INPUT DATA:
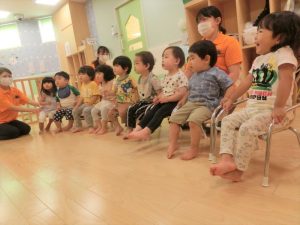 異年齢児との絵本の時間を通して、絵本のみならず、2歳児さんの座り方やお話に対してのリアクション、楽しい雰囲気を共有することができます![]()
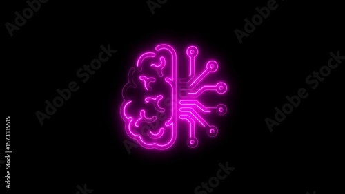 Illuminated neon brain and circuit board symbol represents artificial intelligence and technology
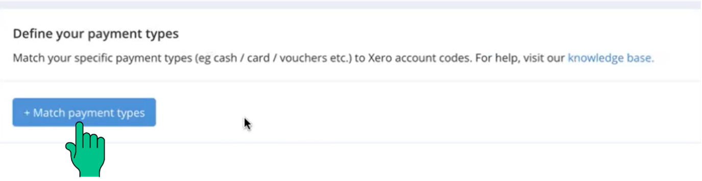 Now, let's define your payment types. Start by selecting the payment types you accept in your business and matching them with the appropriate Xero bank account. Click 'Match payment types' to begin.

EXERCISE DESCRIPTION: I need the lines from the line containing "Illuminated neon brain" through the final line of the listing duplicated exactly, both ends included, with no pictures and nothing else.

EXERCISE RESPONSE:
 Illuminated neon brain and circuit board symbol represents artificial intelligence and technology
 Now, let's define your payment types. Start by selecting the payment types you accept in your business and matching them with the appropriate Xero bank account. Click 'Match payment types' to begin.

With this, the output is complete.